#### Directions
Print, exactly as they appear in the listing below, the lines from the line with "Ja sadaļā <Izvades" to the line with "- Außengewinde ø 12 mm, Kern ø 9,5 mm", with both end lines kept.

#### The data
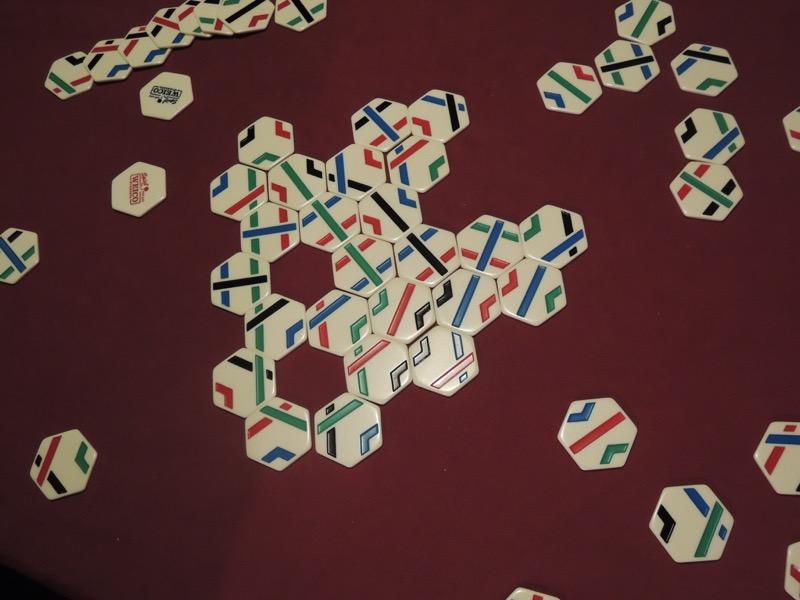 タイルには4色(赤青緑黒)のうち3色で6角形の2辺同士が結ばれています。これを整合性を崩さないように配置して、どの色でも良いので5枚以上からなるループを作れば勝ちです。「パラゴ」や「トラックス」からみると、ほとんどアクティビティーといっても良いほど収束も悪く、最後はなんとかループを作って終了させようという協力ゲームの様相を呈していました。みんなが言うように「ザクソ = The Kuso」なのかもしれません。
--
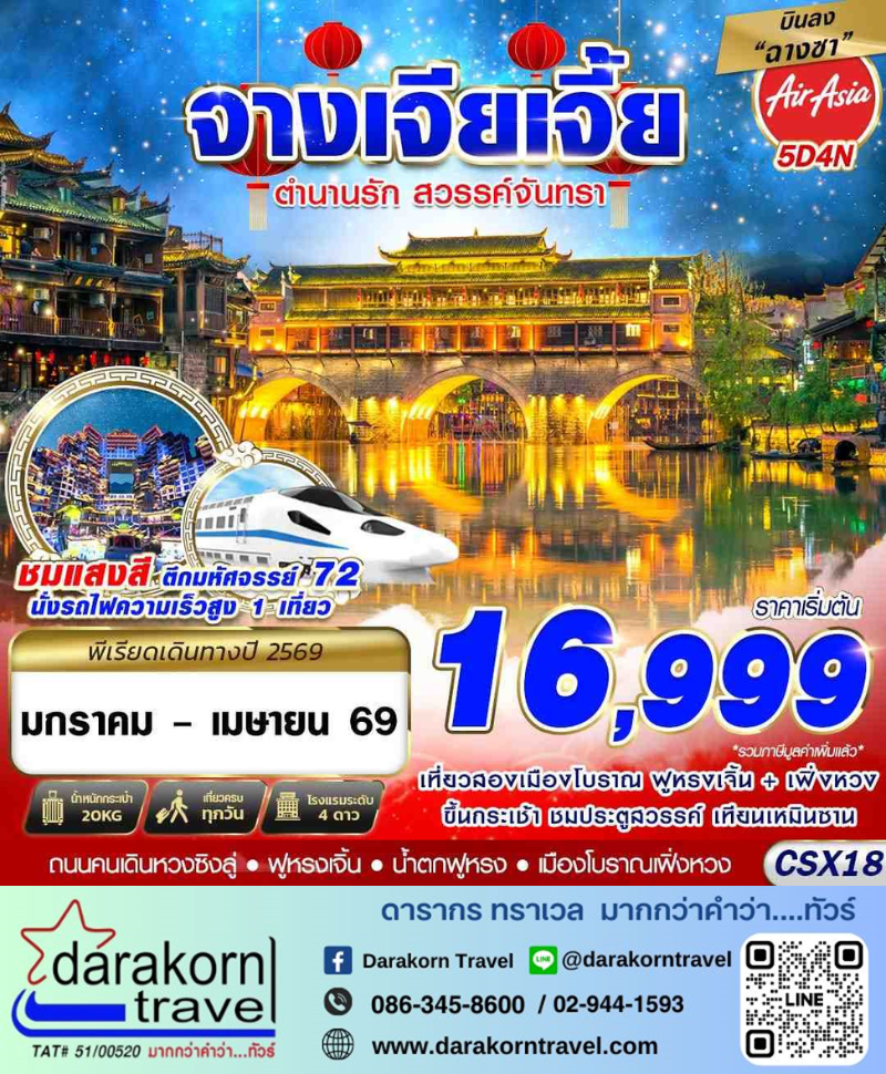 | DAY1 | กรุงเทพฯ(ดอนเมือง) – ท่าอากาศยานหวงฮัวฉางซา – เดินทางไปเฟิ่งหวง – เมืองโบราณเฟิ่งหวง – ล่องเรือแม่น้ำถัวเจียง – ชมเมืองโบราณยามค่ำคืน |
* * *
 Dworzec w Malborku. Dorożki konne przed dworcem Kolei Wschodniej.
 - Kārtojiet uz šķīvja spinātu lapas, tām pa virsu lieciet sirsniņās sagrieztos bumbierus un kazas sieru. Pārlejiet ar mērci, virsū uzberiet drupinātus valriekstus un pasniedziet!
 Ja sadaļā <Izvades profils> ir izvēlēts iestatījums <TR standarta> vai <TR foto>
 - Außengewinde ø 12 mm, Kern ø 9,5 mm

#### Answer to this exercise
 Ja sadaļā <Izvades profils> ir izvēlēts iestatījums <TR standarta> vai <TR foto>
 - Außengewinde ø 12 mm, Kern ø 9,5 mm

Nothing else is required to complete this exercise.